WORK REQUIRED:
The line containing "Детская коляска Adamex" marks the end; return exactly every line from the start of the records up to and including it, but no pictures.

MATERIAL FOR THIS EXERCISE:
★ ★ ★ ★
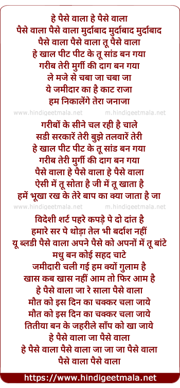 Lyrics of Paise Wala Murdabad - पैसे वाला मुर्दाबाद
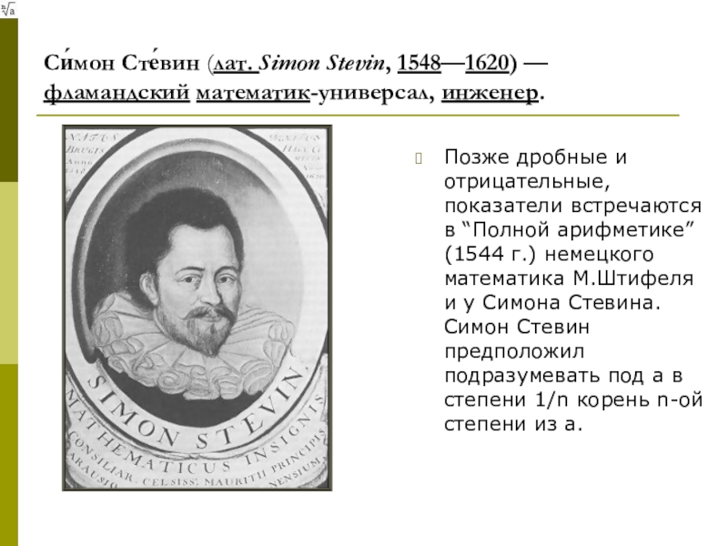 Си́мон Сте́вин (лат. Simon Stevin, 1548—1620) — фламандский математик-универсал, инженер.
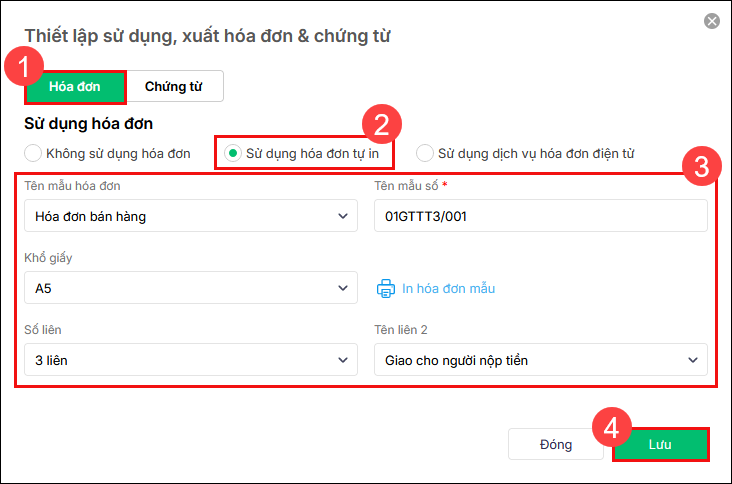 3. Nếu đơn vị sử dụng hoá đơn tự in thì tích chọn Sử dụng hoá đơn tự in.
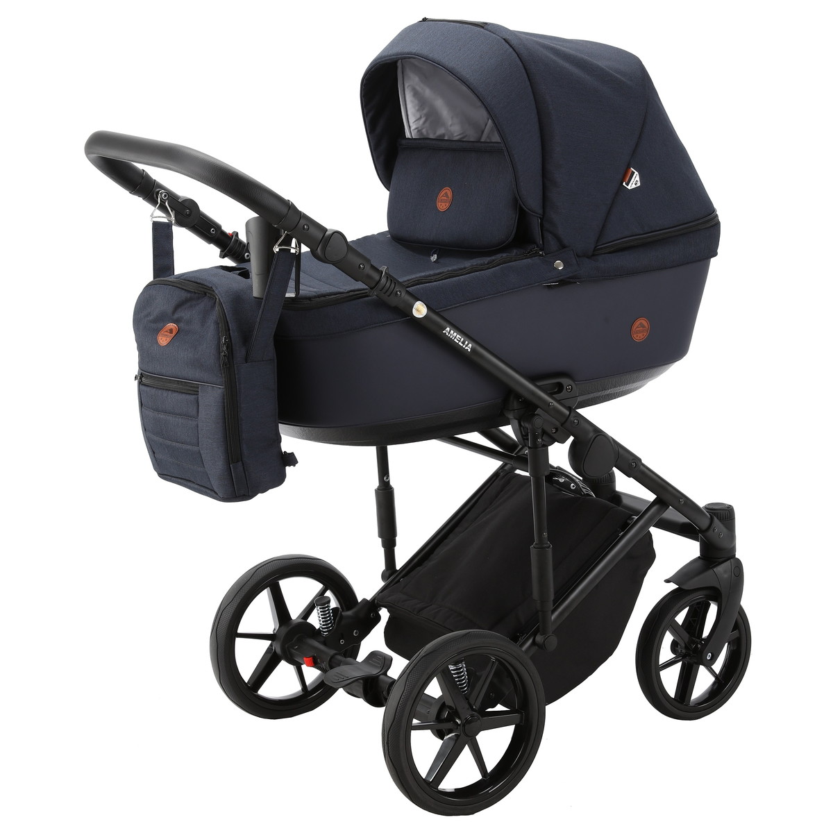 Детская коляска Adamex Amelia 3 в 1 AM242-TIP (Т.СИН.ТК.+Т.СИН.КОЖА)
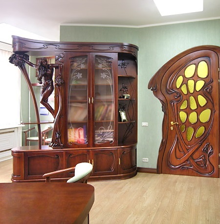 Schränke in diesem Stil zeichnen sich durch Eleganz und Eleganz aus. Die Weichheit der Formen, die verzierten Wendungen des Dekors sind sehr charakteristisch für diese Richtung. Modern ist eine Vielzahl von Formen.Ein Kleiderschrank für einen solchen Raum kann ein Schrank mit einem Schrank oben sein, ein offenes Bücherregal kann Baumästen ähneln. Ein weiteres Zeichen ist die Asymmetrie. Eine moderne Garderobe darf keine geraden und identischen Flügel haben, die eine Hälfte kann gerade, die andere Hälfte abgeschrägt sein usw.
★ ★ ★ ★
RESPONSE AREA:
 Lyrics of Paise Wala Murdabad - पैसे वाला मुर्दाबाद
 Си́мон Сте́вин (лат. Simon Stevin, 1548—1620) — фламандский математик-универсал, инженер.
 3. Nếu đơn vị sử dụng hoá đơn tự in thì tích chọn Sử dụng hoá đơn tự in.
 Детская коляска Adamex Amelia 3 в 1 AM242-TIP (Т.СИН.ТК.+Т.СИН.КОЖА)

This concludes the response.